As we have discussed, and contingent upon the satisfaction of the items described below, we expect your start date to be on June 1, 2016, or such earlier date as you and the Company may agree.
In this position, your periodic salary of $41,666.67 will be paid on a semi-monthly basis which calculates to $1,000,000.08 on an annualized basis. Please note that this position is considered an exempt position as defined by the Fair Labor Standards Act, which means that you will not be eligible for overtime pay.
In addition, as an executive officer, you will be eligible to participate in the Executive Incentive Compensation Plan pursuant to which you will be eligible for an annual performance bonus.  Please understand that the amount and eligibility of bonus is subject to: your being employed at the time the bonus is paid except as provided herein; your continued strong performance determined by management; and only paid at the sole discretion of the Compensation Committee of Intrexon’s Board of Directors.
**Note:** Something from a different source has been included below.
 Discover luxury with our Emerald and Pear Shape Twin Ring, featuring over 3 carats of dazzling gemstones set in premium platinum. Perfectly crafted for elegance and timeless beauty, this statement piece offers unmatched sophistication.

You will be awarded for a stock option grant of 2,000,000 shares of Intrexon common stock on your first date of employment, which will vest in increments of 25% per year, over a four-year period from the date of hire. Your option grant will have a strike price based on the closing price per share of common stock on your first date of employment. Additional terms of your stock option grant are included in the Intrexon Corporation 2013 Omnibus Incentive Plan Document and your individual stock option agreement, copies of which will be sent to you on your first day of employment.
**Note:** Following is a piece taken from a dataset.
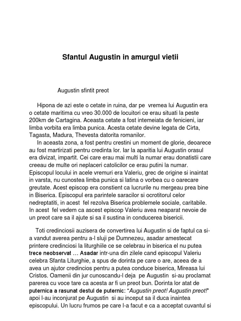 Vointa Divina ce s-a aratat atat de clar. Emotiile ce l-au cuprins erau atat de mari incat a varsat siroaie de lacrimi pe obraji, stiind ce il asteapta insa oamenii il incurajau zicand: Desigur ai fi meritat ceva mai bun, dar fi cu rabdare, preotia nu e atat de departe de episcopat!1 . Apoi este sfintit preot dupa cateva zile de pregatire. Am vrut sa va povestesc putin despre Augustin cum a devenit el preot si cum Dumnezeu stie ca o anumita cale sau alta duce la fericirea si indeplinirea sufletului nostru atunci isi face auzit glasul, atunci si cel chemat recunoaste glasul pastorului care il cheama pe nume. Asa si Augustin al nostru in acel moment a auzit glasul Blandului Pastor si stiind si mereu considerandu-se nevrednic, si-a dat seama ca aceasta e vointa Domnului, o vointa ce il va purta pe nici nu stiu unde. El se intreaba: De ce oare a permis Dumnezeu sa ii se intample oare asa ceva? Desigur e din cauza pacatelor e ca o pedeapsa. Intr-adevar, marturiseste el cu umilinta, ca nou botezat, plin de ravna, mi-am permis sa judec fratii mei, sa critic pe carmacii barcii lui Cristos, socotind ca ei ar putea lucrea mai bine. Insa Dumnezeu mi-a aratat nevrednicia mea!2, aici ar trebui sa apreciem aceasta fapt de umilinta si sinceritate pe care a avut-o Augustin .

It is the expectation of the Company that you will become the Chief Executive Officer of the Company upon the transition of Mr. Kirk into the role of Executive Chairman. Such transition shall be subject to the approval of the Board of Directors. In the event that such transition has not occurred within 24 months following the start of your employment, you shall be entitled to voluntarily terminate your employment with the Company and, upon such termination, receive the following benefits upon such termination: (i) a lump sum payment equivalent to 12 months of your base salary, (ii) full vesting of all stock options granted to you pursuant to this offer letter, and (iii) any bonus awarded to you but not yet paid. Such payment shall be made within 30 days of the date of your termination of employment. In the event that you are appointed Chief Executive Officer, management will take reasonable actions to promote your nomination for election to the Board of Directors at the next annual meeting of the Company’s shareholders following such appointment or, if sooner, to fill any vacancy on the Board arising at the time of, or following, your appointment as Chief Executive Officer. Any appointment to the Board shall be subject to the final decision of the Company’s Nominating and Governance Committee and any applicable regulations to which the Company is subject at such time.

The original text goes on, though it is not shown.